Speaking from pain, fear, and wounds

When I experience pain, fear, and wounds, and rest with it, perhaps ask myself simple questions about it, and find love for it, something happens. I find more peace with it. I befriend it. I see it’s coming from worried love. I see it’s coming from an attempt to protect the (imagined) self.

And something else happens. When others act and speak from their own passion, fear, and wounds, it’s easier to recognize it as worried love, and deep caring.

To the extent I am familiar with the first, the second may happen as a side effect.

Identification = worried love

Why is there suffering?

That’s an old questions for us humans. (I realize that the real question, the one behind this one, is what can we do about it? That’s a topic for other posts.)

One answer is perhaps equally old: Suffering comes from beliefs. Identification with certain thoughts. Velcro. Mistaken identity.

These point to the same thing: Mind takes certain thoughts, certain images and thoughts, as real and true. It identifies with these thoughts. It takes their viewpoint. It sees the world from their perspective, and holds onto it as true. And it does that through associating these images and words with certain sensations (often different depending on the thought), and these sensations seem – to the mind – to lend solidity and reality to the thoughts.

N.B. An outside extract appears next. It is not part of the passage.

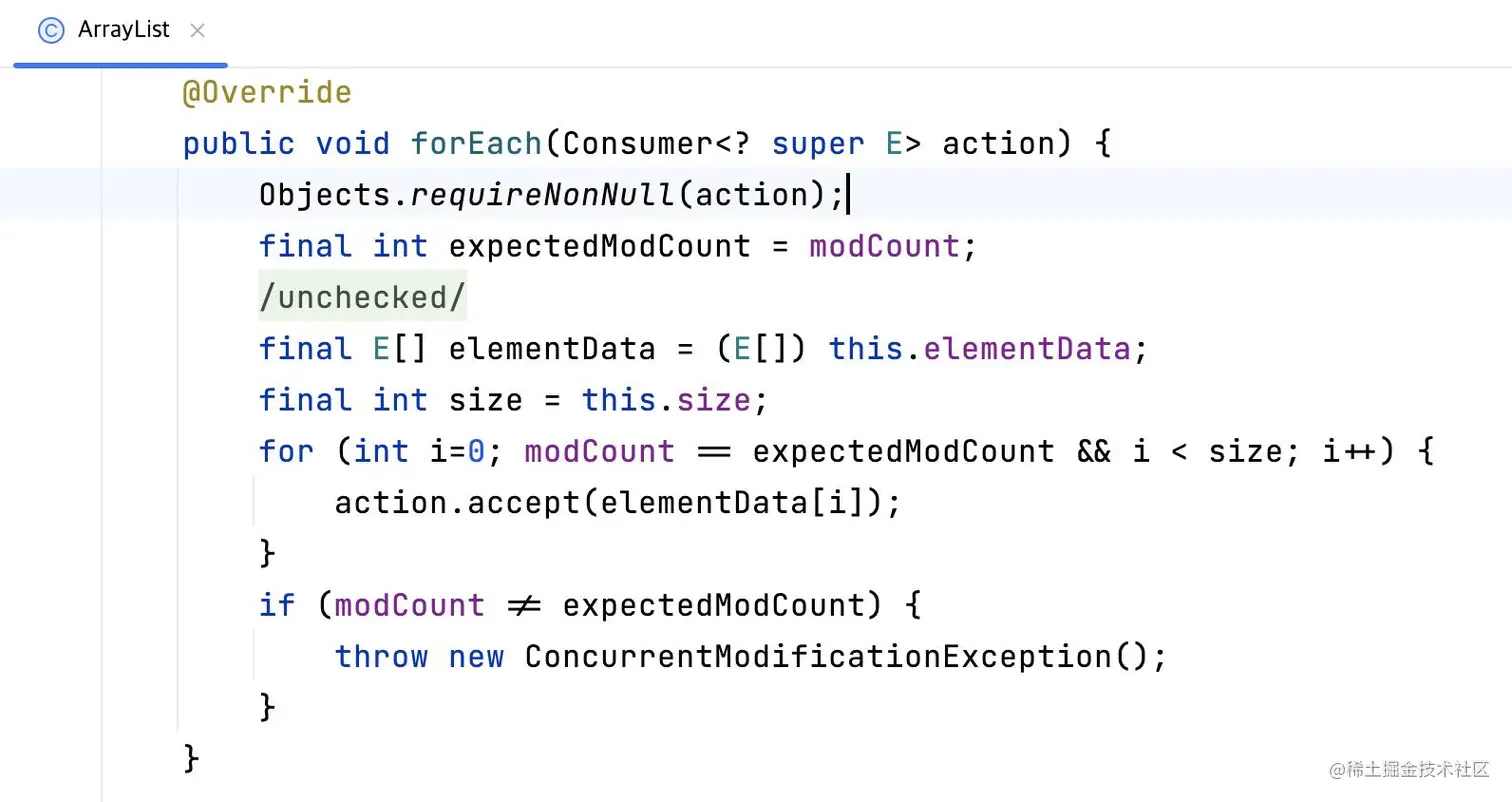 点开foreach方法可以看到该方法接受了一个Consumer<? super E> action参数。

Why does the mind do this?

It may be because we observe those around us doing it, as kids and later as adults. It seems to be what people do here. So we do it too. And we pass it on.

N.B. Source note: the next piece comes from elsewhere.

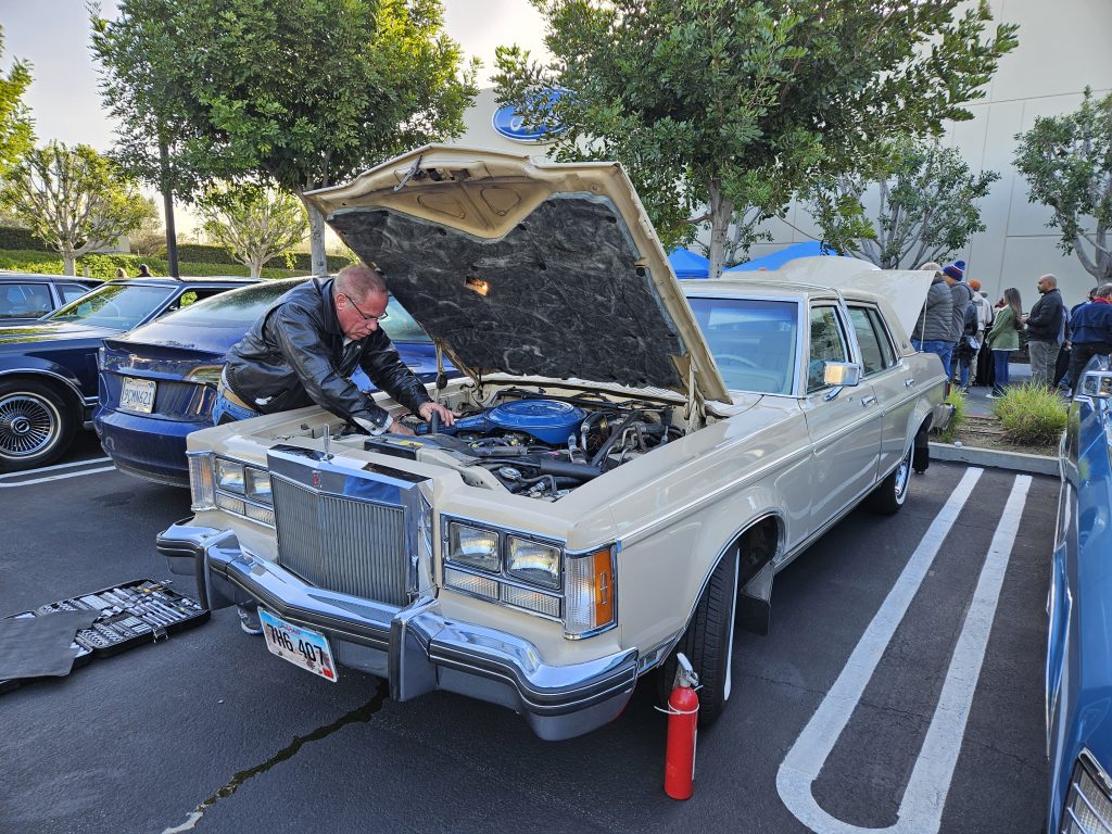 Not everything was perfect. An intrusive Tesla left overnight in our reserved area slightly marred our timeline. But a black car cover quietly made it disappear. 🙂 Mike Steiner also made quick work of a a loose clamp on his 1979 Versailles.

It may have an evolutionary function. Perhaps the stress created an extra urgency that somehow has offered a survival advantage for our ancestors. An advantage that outweighed the drawbacks of stress, struggle, and conflict.

It may also be a quirk of evolution. We evolved that way, to be inclined to identify with thoughts rather than recognizing them as thoughts, through a coincidence. Perhaps it could have gone a different direction. (I am not so sure about that, but it’s possible.)

It may also be that since thoughts – abstract representations using words and images – is a relatively new phenomenon in our evolution, we still haven’t quite figured out how to relate to it well. We are still novices when it comes to using this tool called thought. So we stumble. It’s still messy. And perhaps sometime in the future, we as a species will relate to it with more clarity.

In any case, it’s innocent.

And it’s Lila. The universe expressing, exploring, and experiencing itself. The dance of life. Divine play.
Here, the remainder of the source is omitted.